Read this if your last attempt…
- You said "we'll use Redis" and got asked how invalidation works
- Your design has three caches and you can't explain how they interact
- You were surprised by a cache stampede question
- You never set a TTL — just "a cache"
- You couldn't answer "what happens when the cache is down?"
The concept
A cache is a deliberate trade: you give up some consistency to buy latency and cost savings. Every cache decision is really four decisions at once: where in the stack it sits, what it stores, how fresh the data is, and what happens when it fails.
Saying "add Redis" without naming those four things is a red flag. The senior move is to name the pattern explicitly and defend the TTL against a concrete staleness tolerance.

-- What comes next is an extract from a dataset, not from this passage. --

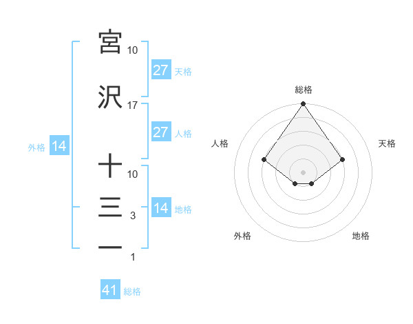 宮沢 十三一さんを姓名の画数から五運を鑑定

A request passes through up to five caches before reaching origin. Senior designs name each layer explicitly.
Quick triage across the six patterns.
| Pattern | Staleness | Write latency | Failure blast radius | Best for |
|---|---|---|---|---|
| Cache-aside | TTL-bounded | Unchanged | Transparent fallback to DB | General read workloads |
| Read-through (lib) | TTL-bounded | Unchanged | Same as cache-aside | Large codebase consistency |
| Write-through | Near-zero | +1 hop | Writes fail with cache | Read-your-write |
| Write-behind | Near-zero | Fastest | Data loss on cache crash | Low-value high-volume writes |
| Refresh-ahead | Near-zero | Unchanged | Same as cache-aside | Known hot keys |
| Negative caching | TTL-bounded | Unchanged | Same as cache-aside | Public key lookups |
- Most real systems compose two or three of these — cache-aside as the baseline, negative caching on public lookups, refresh-ahead on the known hot keys.
How interviewers grade this
- You name a specific cache technology (Redis, Memcached, CDN, in-process LRU) and justify the choice against the access pattern.
- You choose a caching pattern explicitly — cache-aside vs write-through vs write-behind — and say why.
- You set a TTL and explain why that TTL is acceptable for this use case.
- You have a cache invalidation story for writes that mutate cached data.
- You address at least one pathological case: cold cache, hot key, stampede, stale read.
- You size the cache — working set, hit rate, shard count — instead of saying "we'll cache it".
Variants
Cache-aside (lazy / read-through)
App owns the cache; populate on miss.
The app owns the cache. On miss, fetch from DB, populate cache, return. Most common pattern by a mile.
The default pattern. The app tries the cache first; on miss, reads from DB, writes back to cache, returns. Simple, widely deployed, and the one every senior engineer reaches for first.
Invalidation: explicit DEL on write, TTL as safety net. Some teams rely on TTL alone — fine if staleness bound is acceptable.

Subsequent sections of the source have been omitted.